Example 3: adjusting for covariates, plotting estimates

In the following code we run a maternal age-adjusted linear model with qgcomp (family = "gaussian").

qc.fit3 <- qgcomp.noboot(y ~ mage35 + arsenic + barium + cadmium + calcium + chloride + 
                           chromium + copper + iron + lead + magnesium + manganese + 
                           mercury + selenium + silver + sodium + zinc,
                         expnms=Xnm,
                         metals, family=gaussian(), q=4)
plot(qc.fit3)
qcboot.fit3 <- qgcomp.boot(y ~ mage35 + arsenic + barium + cadmium + calcium + chloride + 
                           chromium + copper + iron + lead + magnesium + manganese + 
                           mercury + selenium + silver + sodium + zinc,
                         expnms=Xnm,
                         metals, family=gaussian(), q=4, B=10,# B should be 200-500+ in practice
                         seed=125)
plot(qcboot.fit3)

plot of chunk unnamed-chunk-4plot of chunk unnamed-chunk-4

From the first plot we see weights from qgcomp.noboot function, which include both positive and negative effect directions. Using qgcomp.boot also allows us to assess linearity of the total exposure effect (the second plot). Similar output is available for WQS (gWQS package), though WQS results will generally be less interpretable when exposure effects are non-linear (see below how to do this with qgcomp.boot.
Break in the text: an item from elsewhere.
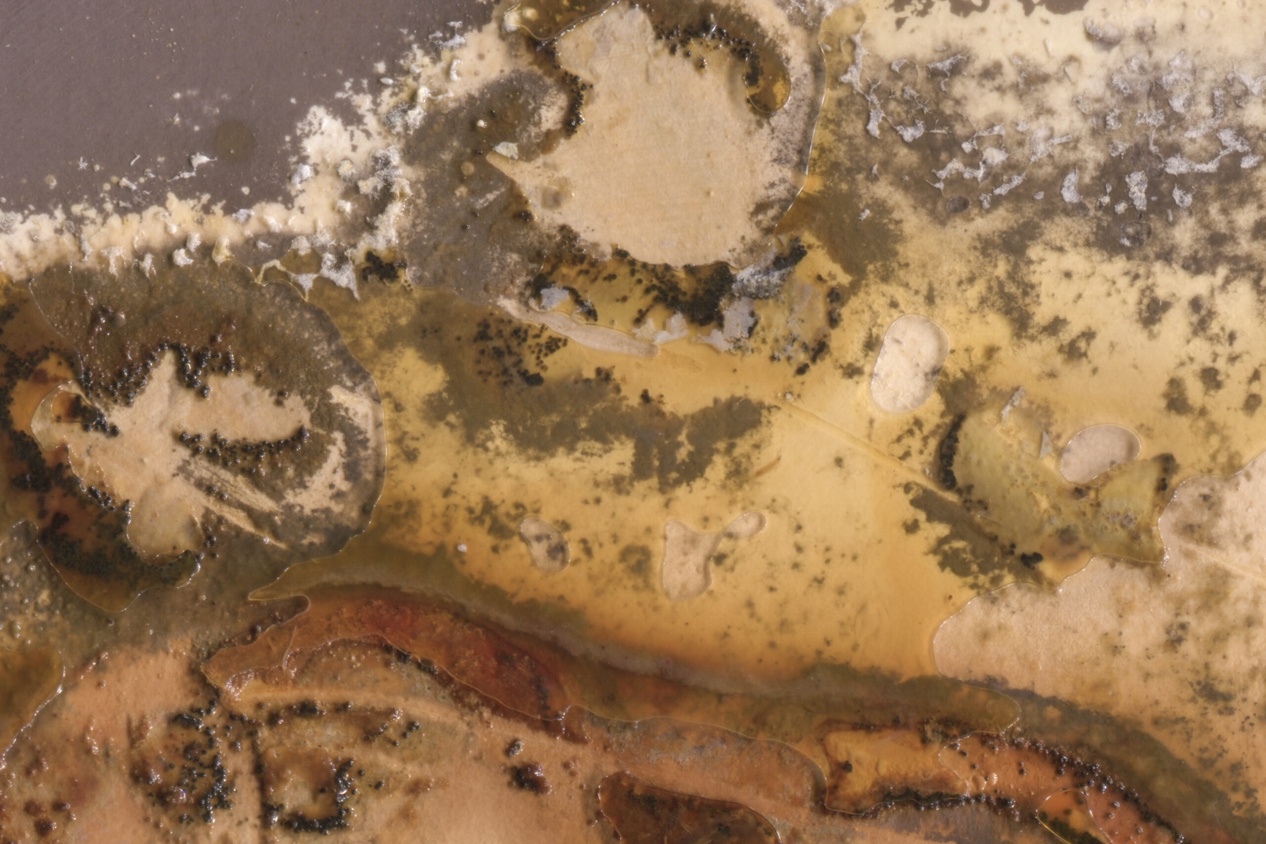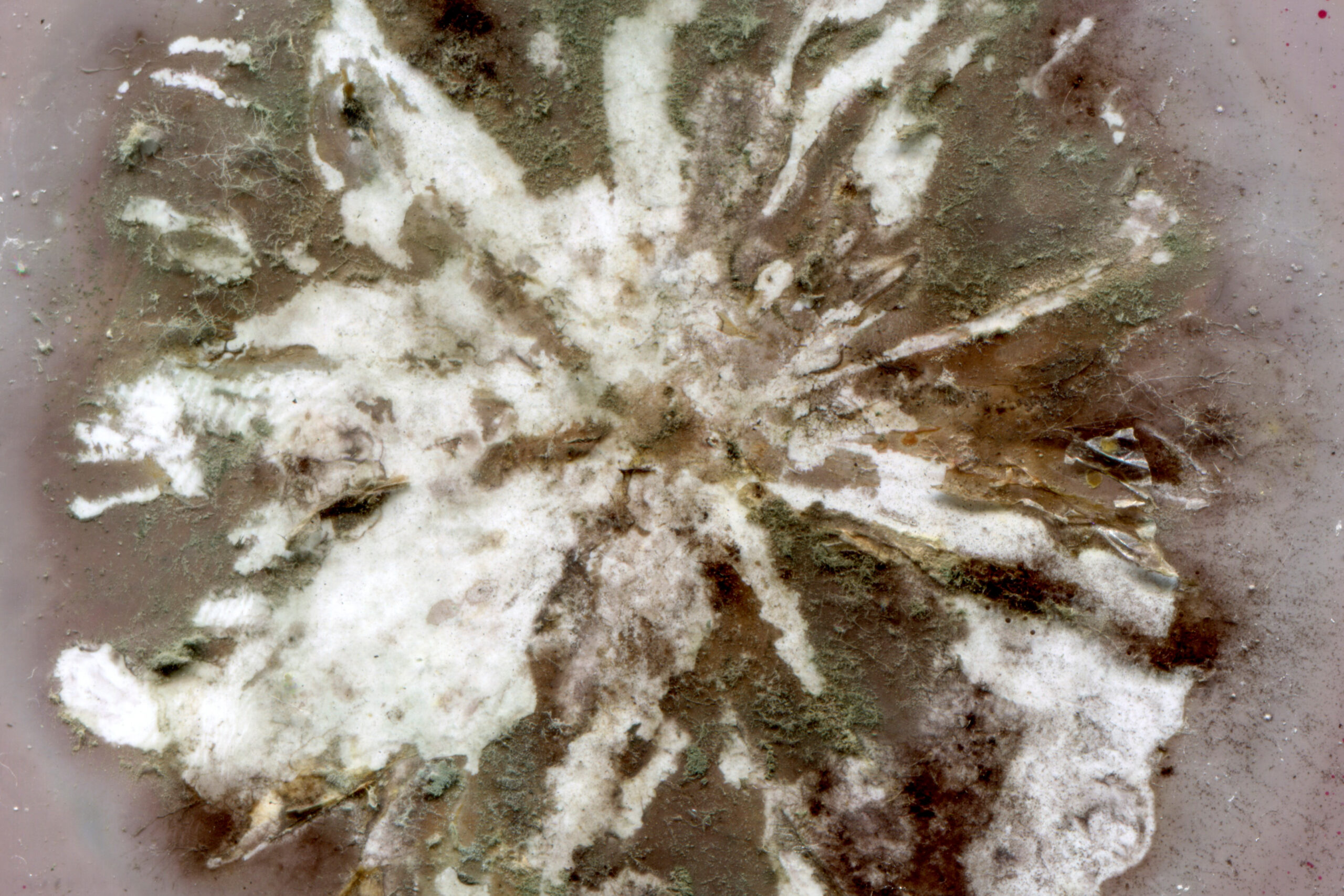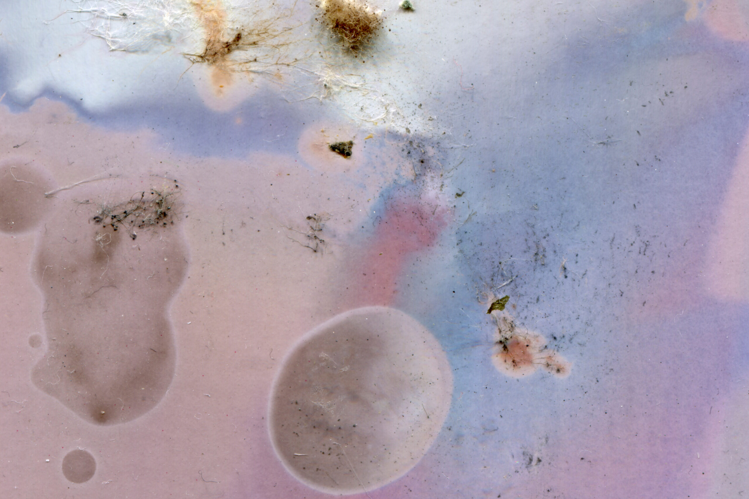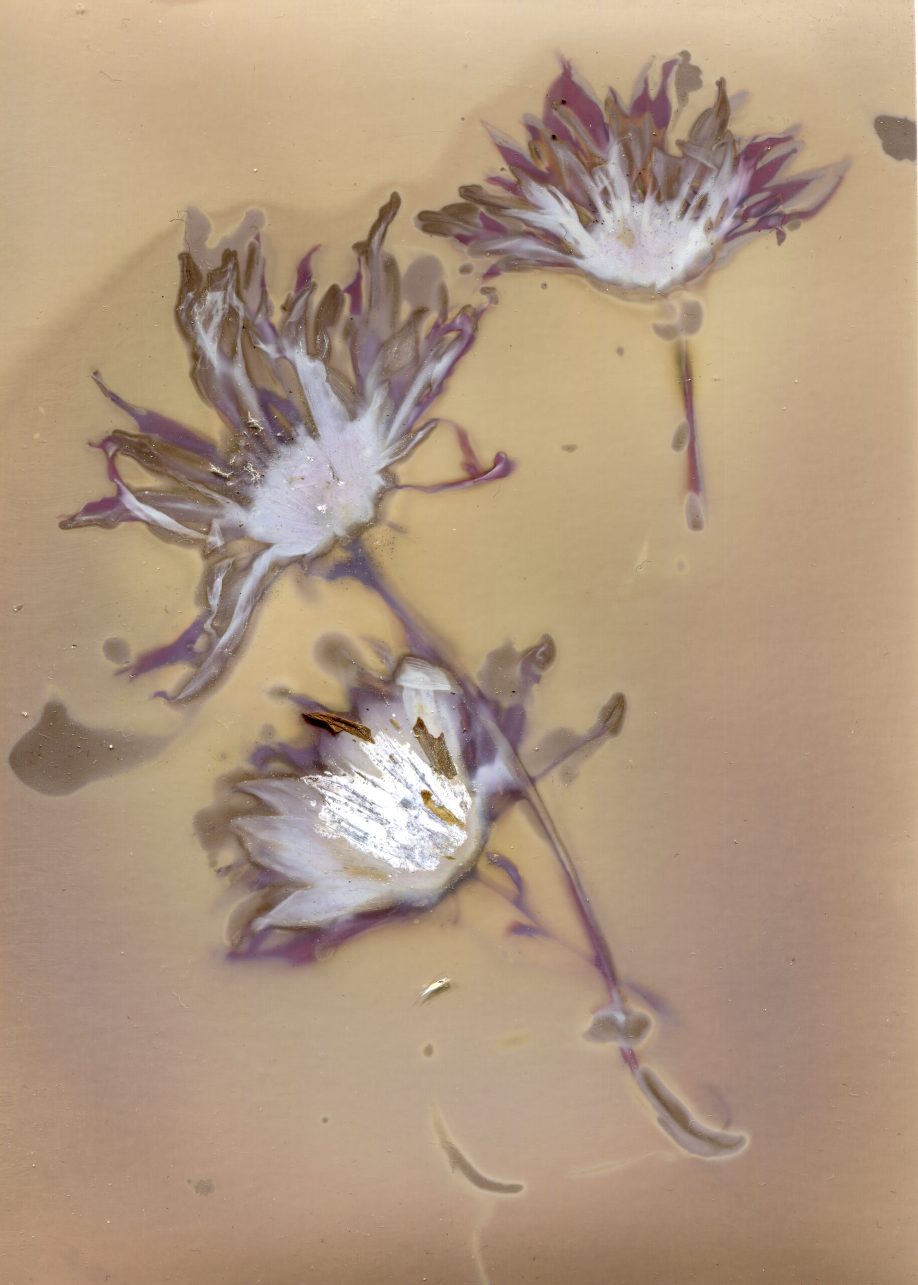 During the exposure, the paper gradually changed colour depending on the intensity and spectrum of the light. Meanwhile chemicals from the decomposition of the plants interacted with the surface. The process is completely unpredictable.

The plot for the qcboot.fit3 object (using g-computation with bootstrap variance) gives predictions at the joint intervention levels of exposure. It also displays a smoothed (graphical) fit. Generally, we cannot overlay the data over this plot since the regression line corresponds to a change in potentially many exposures at once. Hence, it is useful to explore non-linearity by fitting models that allow for non-linear effects.

Example 4: non-linearity (and non-homogeneity)

Let's close with one more feature of qgcomp (and qgcomp.boot): handling non-linearity. Here is an example where we use a feature of the R language for fitting models with interaction terms. We use y~. + .^2 as the model formula, which fits a model that allows for quadratic term for every predictor in the model.

Similar approaches could be used to include interaction terms between exposures, as well as between exposures and covariates.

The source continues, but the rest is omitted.